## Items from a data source
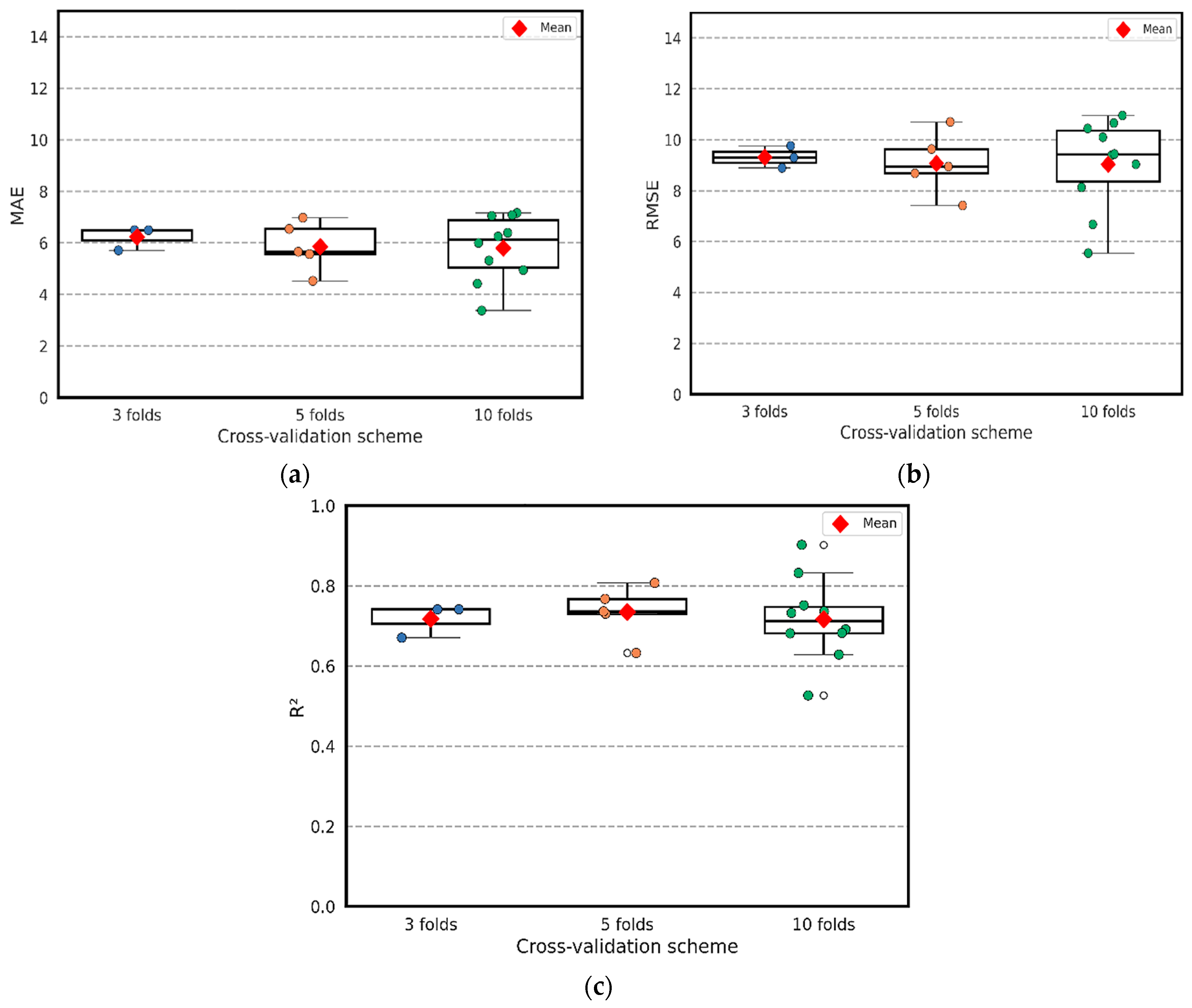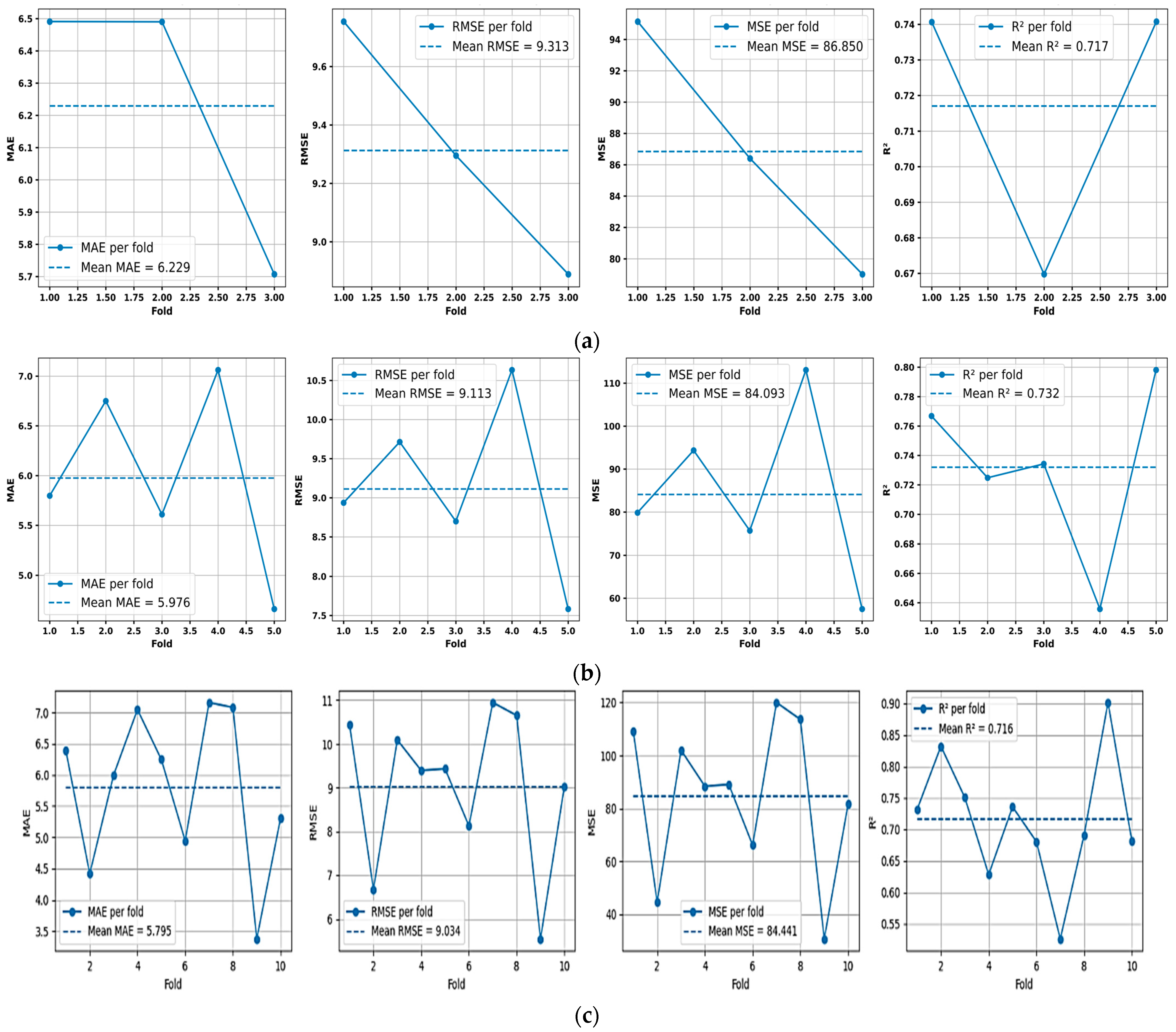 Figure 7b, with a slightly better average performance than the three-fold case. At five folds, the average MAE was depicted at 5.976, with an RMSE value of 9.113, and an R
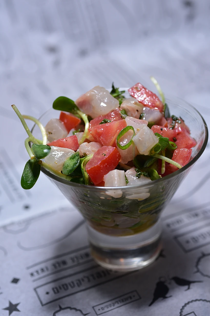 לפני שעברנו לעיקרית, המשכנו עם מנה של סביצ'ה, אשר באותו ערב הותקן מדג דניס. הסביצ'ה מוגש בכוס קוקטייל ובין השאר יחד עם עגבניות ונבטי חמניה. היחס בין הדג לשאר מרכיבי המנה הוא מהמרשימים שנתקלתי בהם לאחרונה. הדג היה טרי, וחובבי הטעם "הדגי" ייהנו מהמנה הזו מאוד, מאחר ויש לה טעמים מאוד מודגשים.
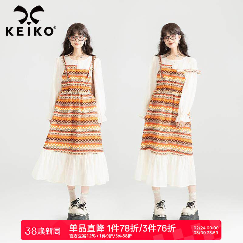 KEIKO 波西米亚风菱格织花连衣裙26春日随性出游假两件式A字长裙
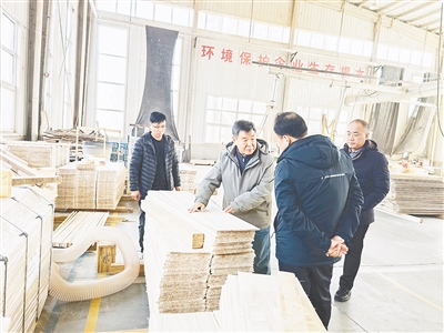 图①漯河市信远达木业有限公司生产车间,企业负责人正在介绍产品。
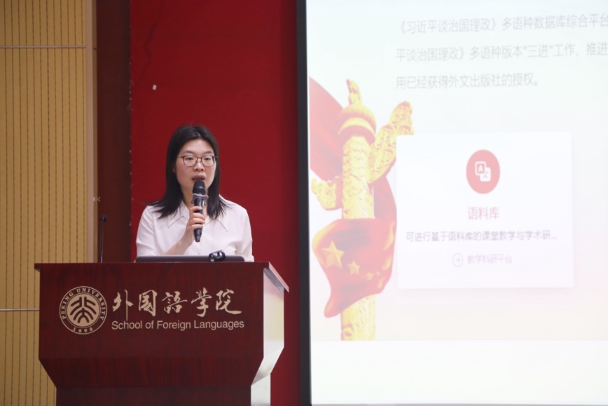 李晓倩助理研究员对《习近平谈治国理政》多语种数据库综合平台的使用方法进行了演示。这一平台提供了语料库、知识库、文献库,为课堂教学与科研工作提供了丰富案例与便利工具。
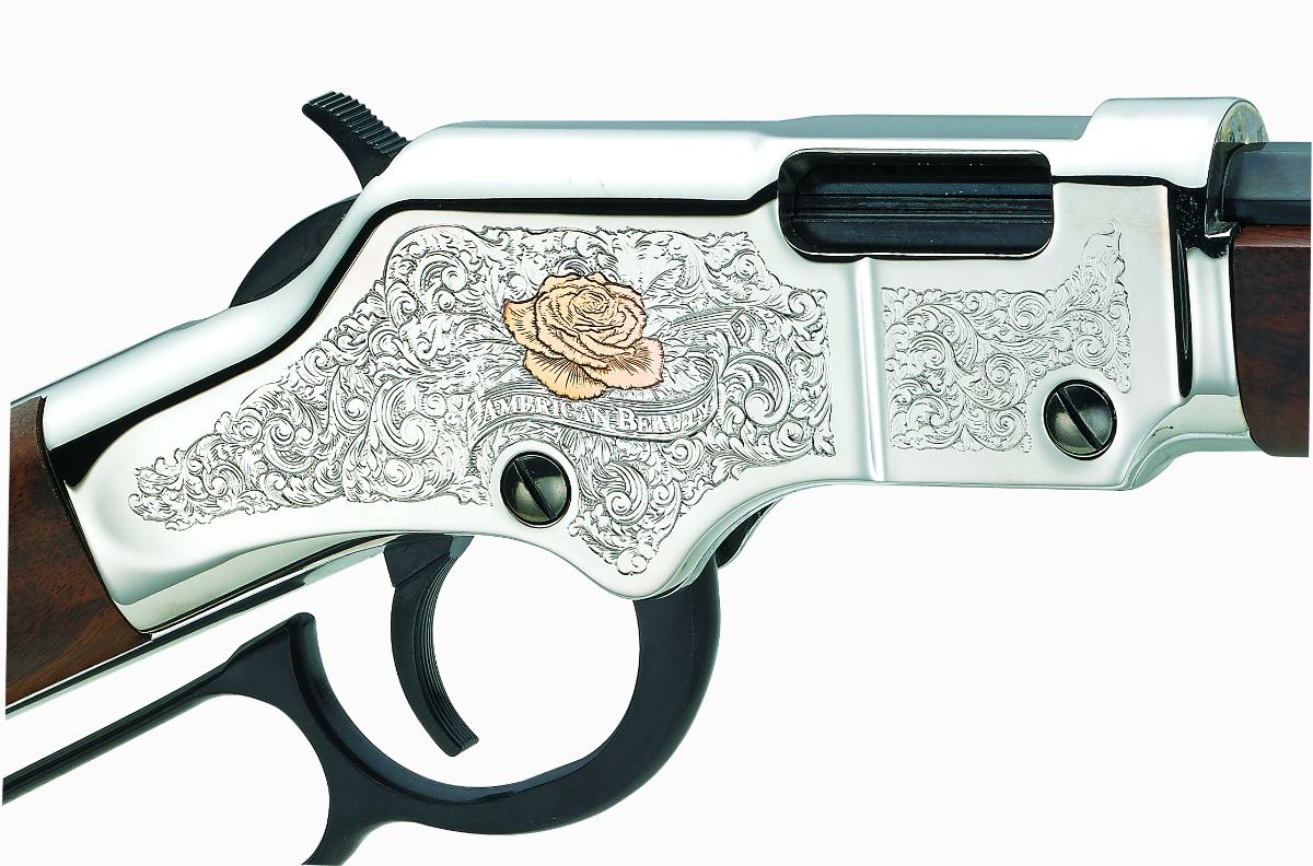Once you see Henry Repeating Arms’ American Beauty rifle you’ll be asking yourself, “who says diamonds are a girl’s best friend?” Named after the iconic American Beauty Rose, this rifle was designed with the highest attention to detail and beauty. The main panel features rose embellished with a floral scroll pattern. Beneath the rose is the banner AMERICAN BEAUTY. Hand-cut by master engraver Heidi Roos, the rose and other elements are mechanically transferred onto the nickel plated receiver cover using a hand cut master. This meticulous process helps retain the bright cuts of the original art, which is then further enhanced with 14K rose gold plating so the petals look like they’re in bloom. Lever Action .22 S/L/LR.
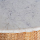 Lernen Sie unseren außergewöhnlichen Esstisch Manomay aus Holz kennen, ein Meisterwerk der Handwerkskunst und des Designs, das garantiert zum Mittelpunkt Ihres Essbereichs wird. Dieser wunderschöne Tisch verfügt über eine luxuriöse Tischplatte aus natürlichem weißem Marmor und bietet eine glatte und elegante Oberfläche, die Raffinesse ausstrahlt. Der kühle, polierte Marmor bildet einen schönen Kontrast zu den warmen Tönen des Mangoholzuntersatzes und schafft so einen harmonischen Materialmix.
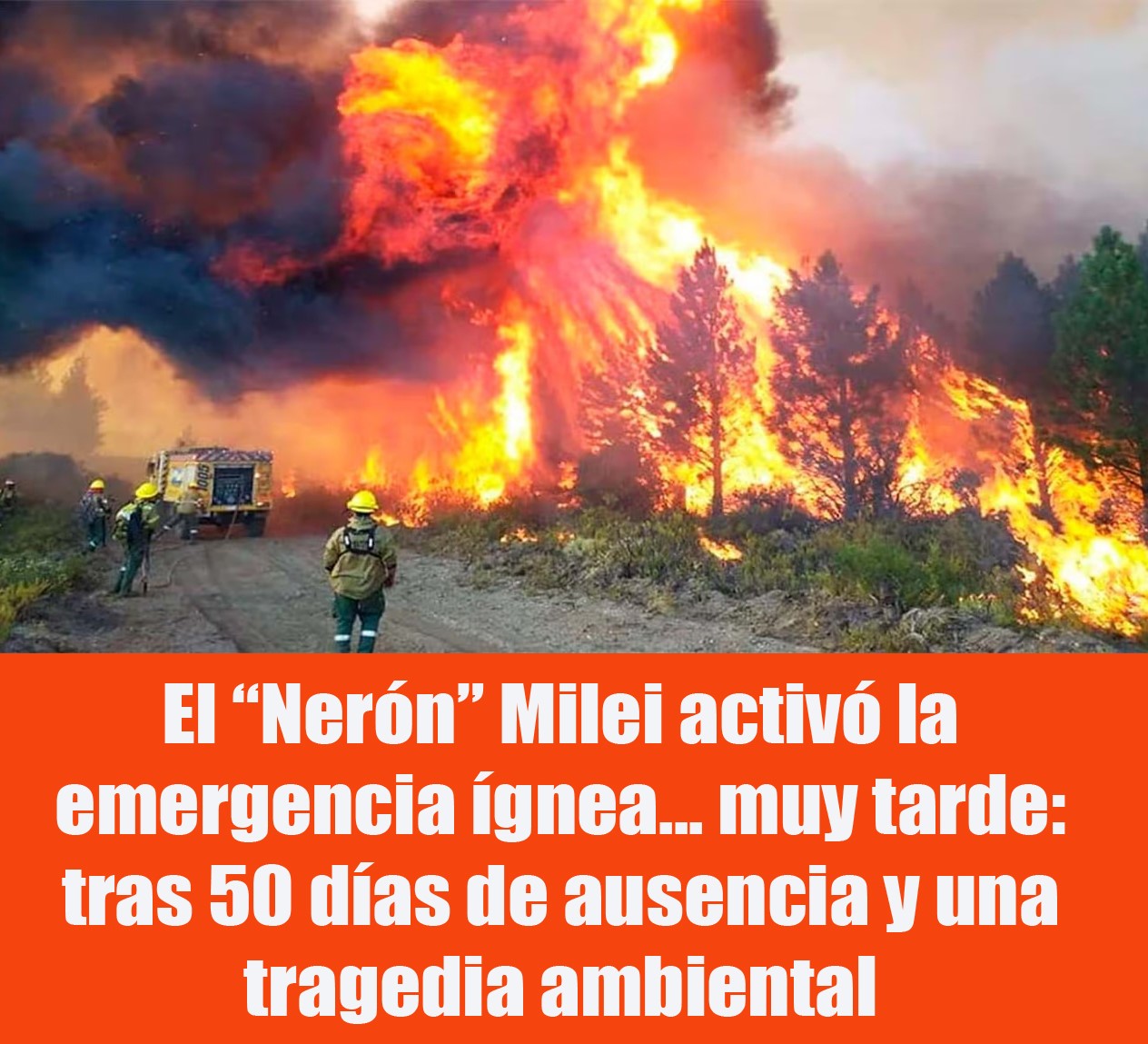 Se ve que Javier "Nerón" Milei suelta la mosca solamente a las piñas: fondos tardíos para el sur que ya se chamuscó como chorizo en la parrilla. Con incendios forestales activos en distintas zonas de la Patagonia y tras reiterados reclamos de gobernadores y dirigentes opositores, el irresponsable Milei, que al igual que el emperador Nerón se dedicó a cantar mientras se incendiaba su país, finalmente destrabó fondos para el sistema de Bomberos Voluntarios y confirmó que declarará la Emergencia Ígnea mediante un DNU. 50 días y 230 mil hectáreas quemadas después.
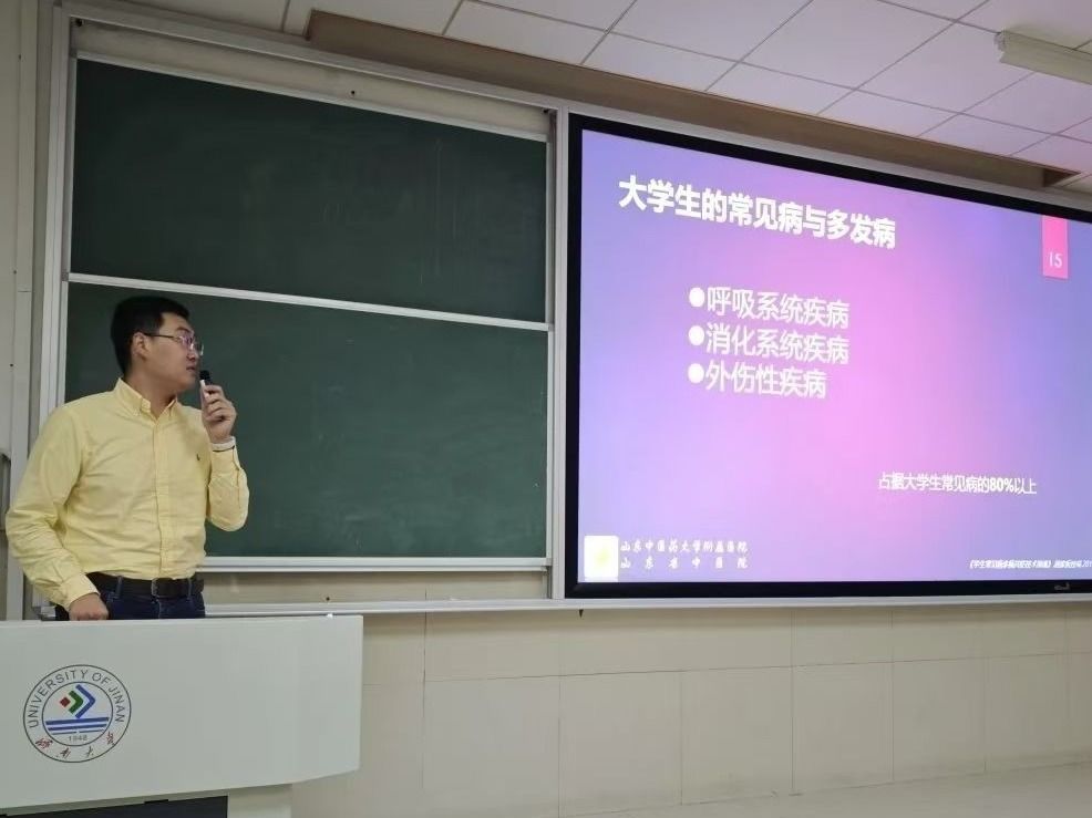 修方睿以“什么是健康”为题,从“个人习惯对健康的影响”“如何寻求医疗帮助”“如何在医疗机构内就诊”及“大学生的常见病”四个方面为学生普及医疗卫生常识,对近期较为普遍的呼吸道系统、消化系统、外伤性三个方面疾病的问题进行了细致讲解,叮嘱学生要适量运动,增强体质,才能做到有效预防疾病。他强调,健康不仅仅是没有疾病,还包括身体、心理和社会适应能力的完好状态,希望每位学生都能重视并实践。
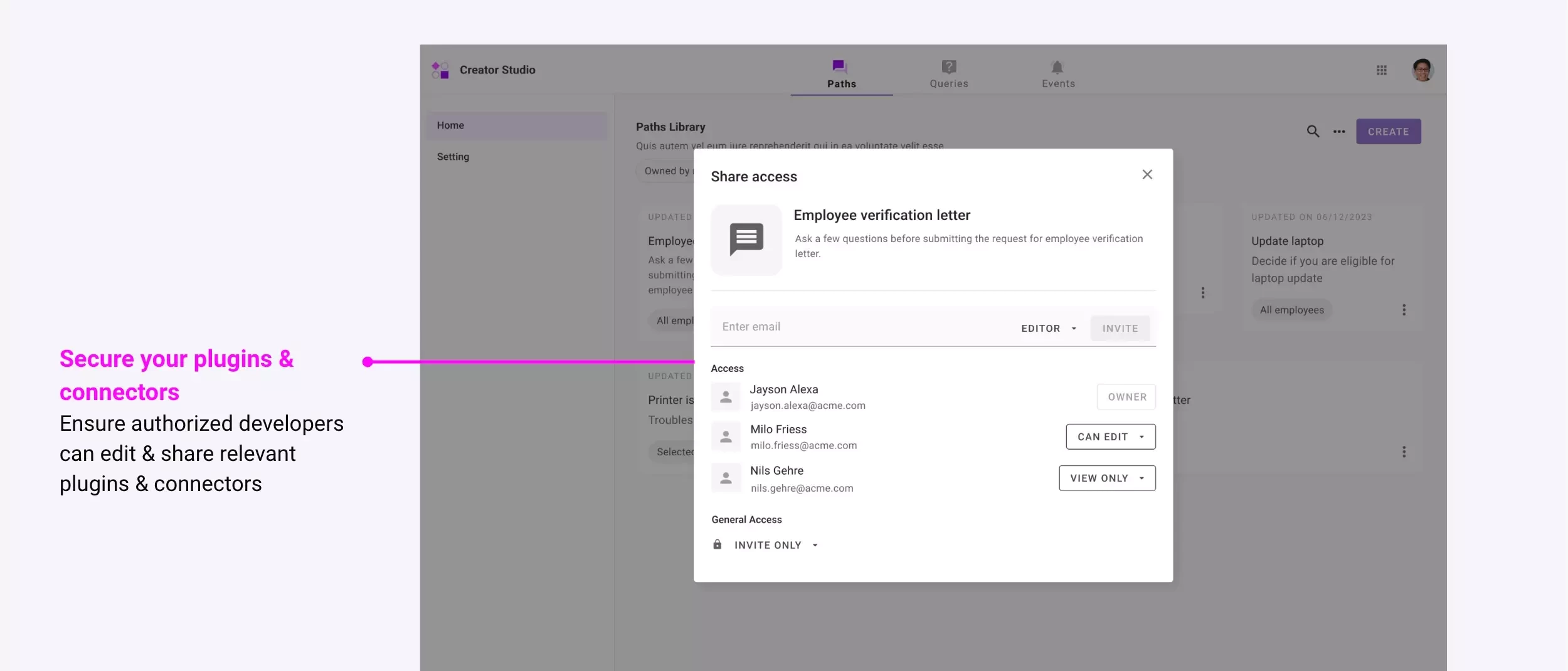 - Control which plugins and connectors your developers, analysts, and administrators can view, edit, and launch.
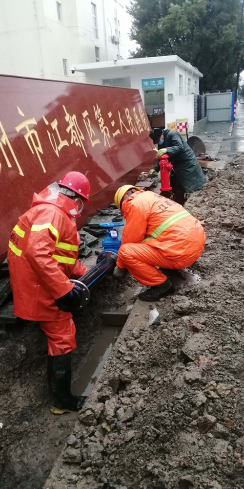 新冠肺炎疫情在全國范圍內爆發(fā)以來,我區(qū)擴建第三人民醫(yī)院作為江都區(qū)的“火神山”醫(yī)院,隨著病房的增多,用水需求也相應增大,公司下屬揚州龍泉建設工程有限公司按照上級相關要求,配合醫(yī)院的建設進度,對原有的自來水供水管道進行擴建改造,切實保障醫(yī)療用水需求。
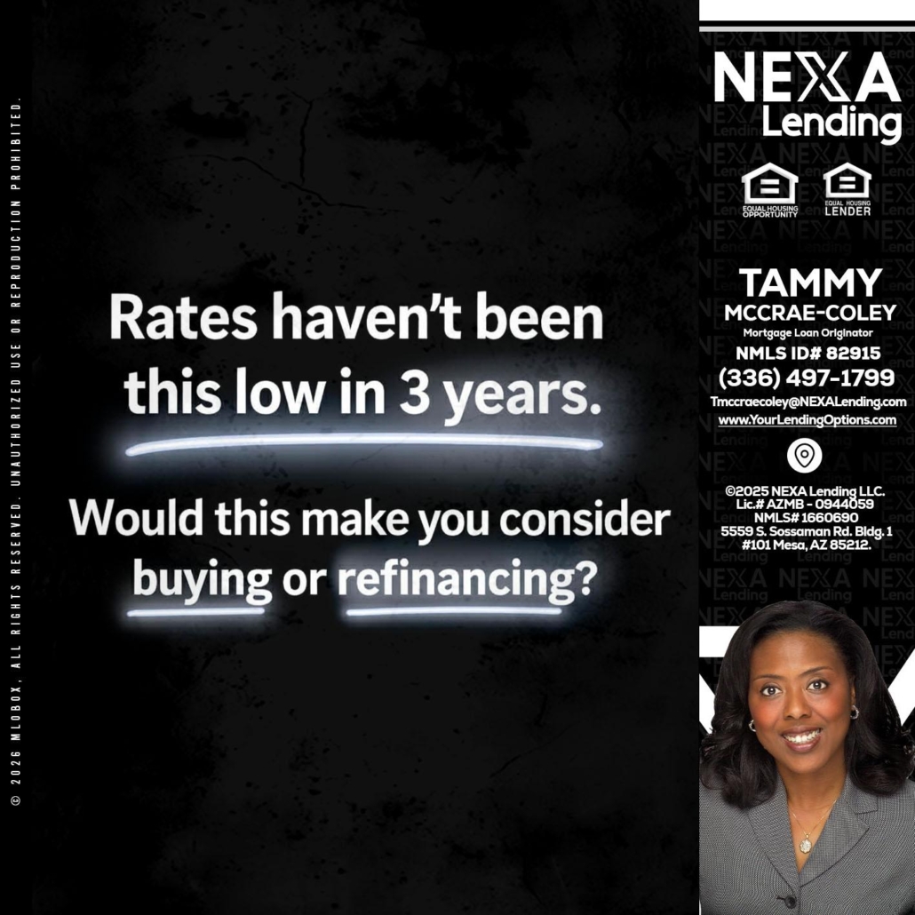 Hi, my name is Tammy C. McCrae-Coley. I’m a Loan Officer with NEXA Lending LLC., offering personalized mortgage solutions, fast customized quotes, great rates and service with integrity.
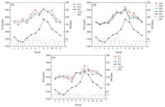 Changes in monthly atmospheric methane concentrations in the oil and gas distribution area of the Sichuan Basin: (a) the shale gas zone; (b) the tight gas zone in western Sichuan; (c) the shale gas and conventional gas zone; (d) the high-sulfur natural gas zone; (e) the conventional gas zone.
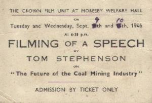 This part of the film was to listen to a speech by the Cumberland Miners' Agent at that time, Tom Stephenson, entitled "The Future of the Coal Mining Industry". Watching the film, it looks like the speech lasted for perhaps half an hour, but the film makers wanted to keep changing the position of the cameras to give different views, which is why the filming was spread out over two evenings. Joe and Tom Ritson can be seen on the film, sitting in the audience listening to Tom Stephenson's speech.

## Exercise objective
Print again, exactly, the lines of the records above from the first line through the line with "Once you see". No pictures.

## Exercise result
 Figure 7b, with a slightly better average performance than the three-fold case. At five folds, the average MAE was depicted at 5.976, with an RMSE value of 9.113, and an R
 לפני שעברנו לעיקרית, המשכנו עם מנה של סביצ'ה, אשר באותו ערב הותקן מדג דניס. הסביצ'ה מוגש בכוס קוקטייל ובין השאר יחד עם עגבניות ונבטי חמניה. היחס בין הדג לשאר מרכיבי המנה הוא מהמרשימים שנתקלתי בהם לאחרונה. הדג היה טרי, וחובבי הטעם "הדגי" ייהנו מהמנה הזו מאוד, מאחר ויש לה טעמים מאוד מודגשים.
 KEIKO 波西米亚风菱格织花连衣裙26春日随性出游假两件式A字长裙
 图①漯河市信远达木业有限公司生产车间,企业负责人正在介绍产品。
 李晓倩助理研究员对《习近平谈治国理政》多语种数据库综合平台的使用方法进行了演示。这一平台提供了语料库、知识库、文献库,为课堂教学与科研工作提供了丰富案例与便利工具。
Once you see Henry Repeating Arms’ American Beauty rifle you’ll be asking yourself, “who says diamonds are a girl’s best friend?” Named after the iconic American Beauty Rose, this rifle was designed with the highest attention to detail and beauty. The main panel features rose embellished with a floral scroll pattern. Beneath the rose is the banner AMERICAN BEAUTY. Hand-cut by master engraver Heidi Roos, the rose and other elements are mechanically transferred onto the nickel plated receiver cover using a hand cut master. This meticulous process helps retain the bright cuts of the original art, which is then further enhanced with 14K rose gold plating so the petals look like they’re in bloom. Lever Action .22 S/L/LR.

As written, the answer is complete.